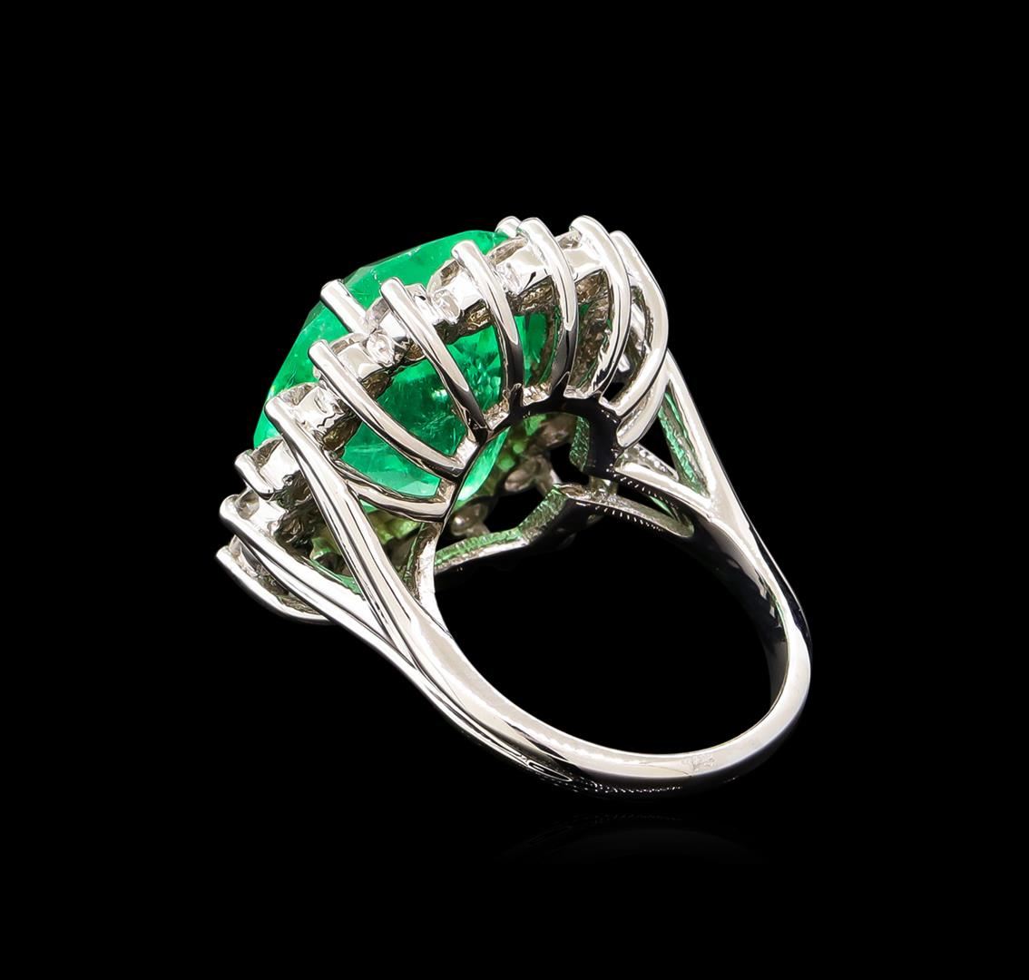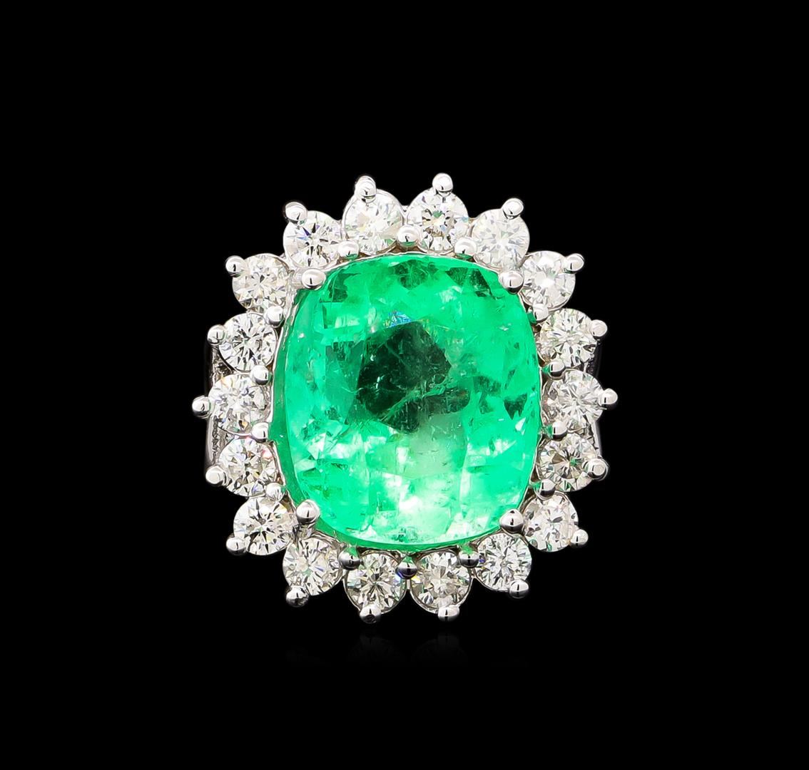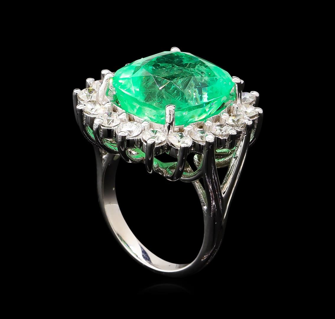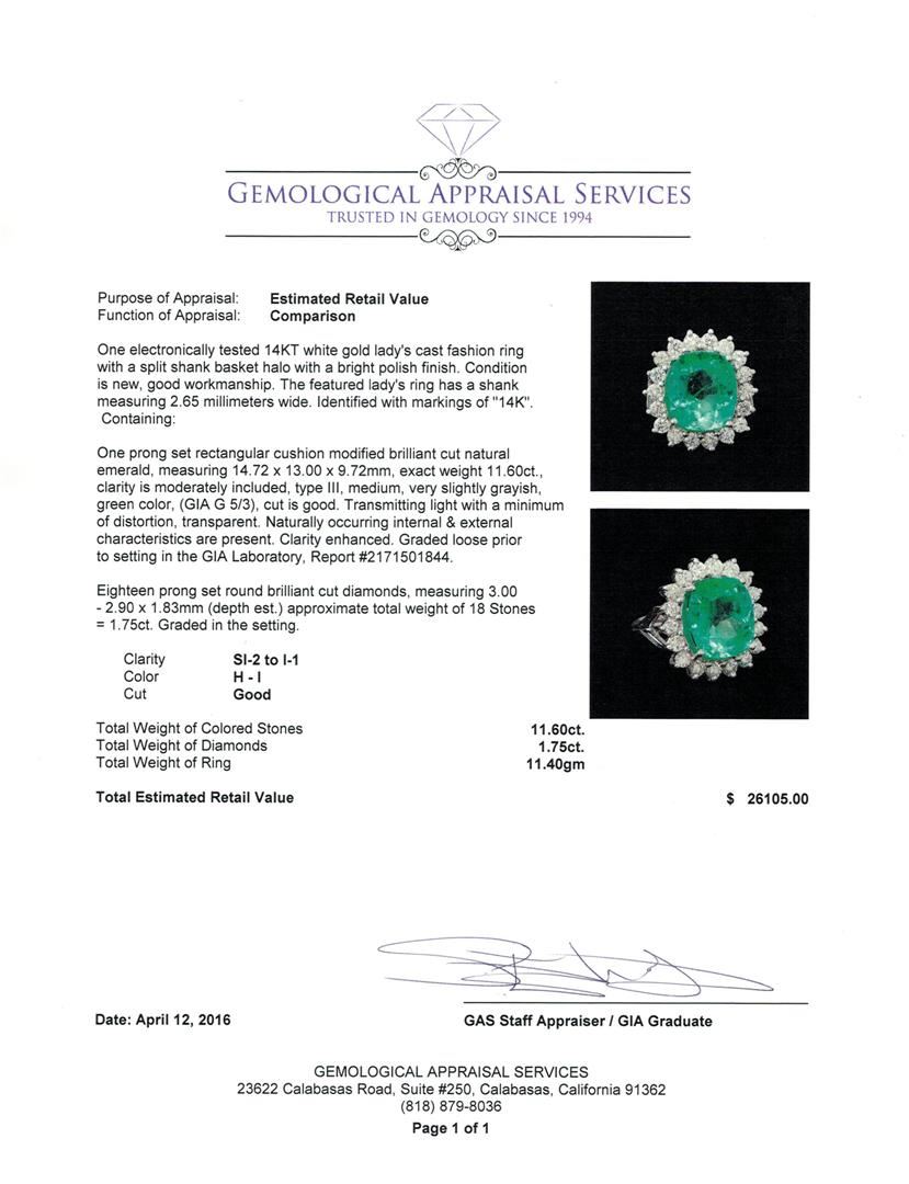 One electronically tested 14KT white gold lady's cast fashion ring with a split shank basket halo with a bright polish finish. The featured lady's ring has a shank measuring 2.65 millimeters wide. Identified with markings of "14K". Condition is new, good workmanship. Containing: One prong set rectangular cushion modified brilliant cut natural emerald, measuring 14.72 x 13.00 x 9.72mm, exact weight 11.60ct., clarity is moderately included, type III, medium, very slightly grayish, green color, (GIA G 5/3), cut is good. Transmitting light with a minimum of distortion, transparent. Naturally occurring internal & external characteristics are present. Clarity enhanced. Graded loose prior to setting in the GIA Laboratory, Report #2171501844.Eighteen prong set round brilliant cut diamonds, measuring 3.00 - 2.90 x 1.83mm (depth est.) approximate total weight of 18 Stones = 1.75ct. Graded in the setting. Clarity: SI-2 to I-1. Color: H - I. Cut Good. Total Weight of Colored Stones 11.60ct. Total Weight of Diamonds 1.75ct. Total Weight of Ring 11.40gm. GAS Appraised at $26,105.00.
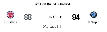 デズモンド・ベインが22得点を挙げ、第8シードのORLが第1シードのDETに94-88で勝利しシリーズ成績を3勝1敗とした。
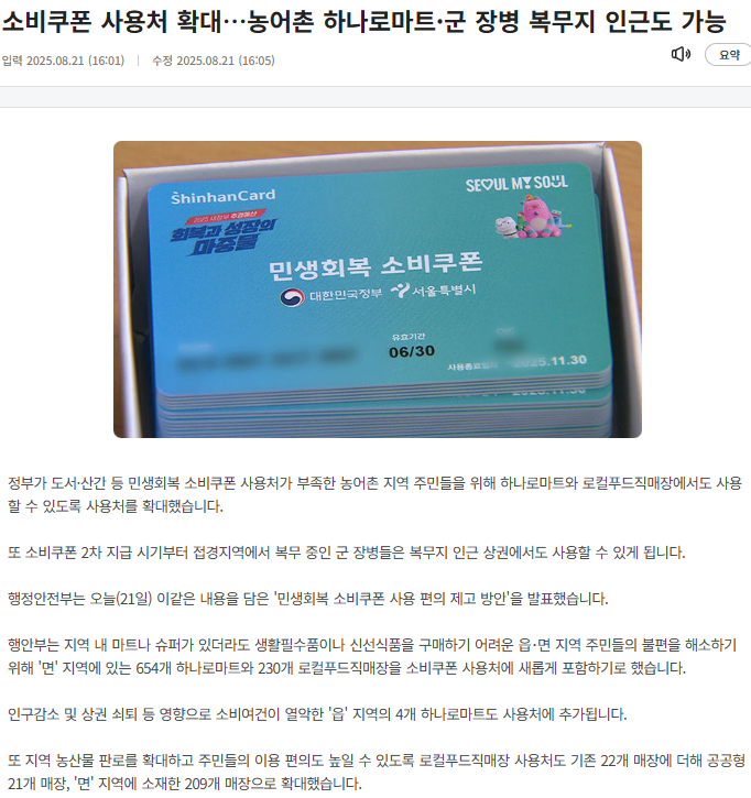 또한 기존 소비쿠폰 사용처가 없던 110개 면 지역의 121개 하나로마트는 이미 1차적으로 사용처로 확대되어, 주민 접근성이 한층 개선되었습니다.
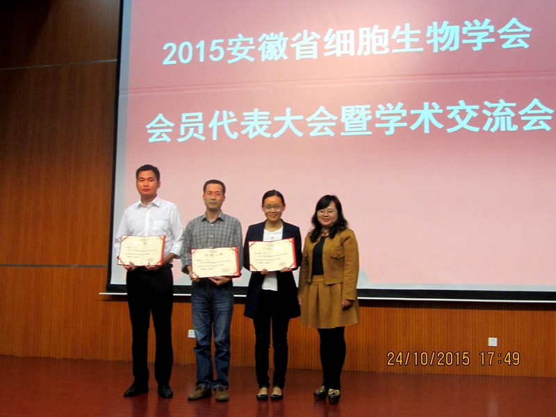 本次会议选举产生了第五届安徽省细胞生物学会理事会。公司朱国萍教授当选为副理事长,许岳慷教授当选为常务理事,陈冬生与葛雅丽副教授当选为理事。会议结束后,新一届理事会的主要专家对大会学术交流报告进行了评选(包括10个青年学者报告及7个研究生报告),公司陈冬生副教授的学术报告得到了与会专家的好评,获得了优秀学术报告二等奖。
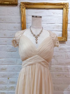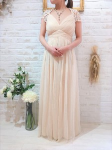 肩から背中にかけてレースになっており肌がチラ見えしてこれから春にむけておすすめのドレスになります♪
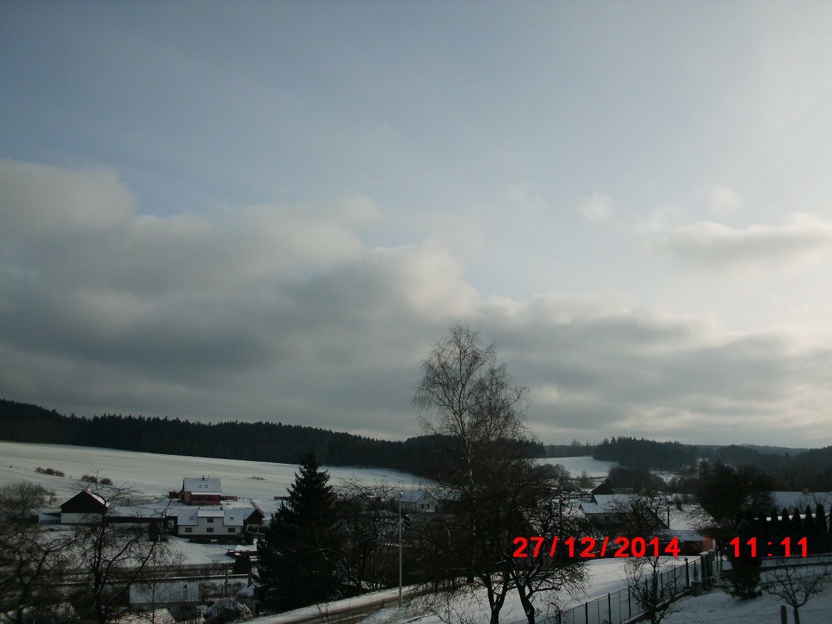 Skoro zataženo, JV vítr 9 km/h v nárazech 18 km/h, tlak 1013,5 hPa a vlhkost 75 %.
*-*-*
**Exercise directions**
In the entries above, find the line containing "또한 기존 소비쿠폰 사용처가" and the line containing "本次会议选举产生了第五届安徽", then copy both and every line between them exactly, without any picture.

**Answer to this exercise**
 또한 기존 소비쿠폰 사용처가 없던 110개 면 지역의 121개 하나로마트는 이미 1차적으로 사용처로 확대되어, 주민 접근성이 한층 개선되었습니다.
 本次会议选举产生了第五届安徽省细胞生物学会理事会。公司朱国萍教授当选为副理事长,许岳慷教授当选为常务理事,陈冬生与葛雅丽副教授当选为理事。会议结束后,新一届理事会的主要专家对大会学术交流报告进行了评选(包括10个青年学者报告及7个研究生报告),公司陈冬生副教授的学术报告得到了与会专家的好评,获得了优秀学术报告二等奖。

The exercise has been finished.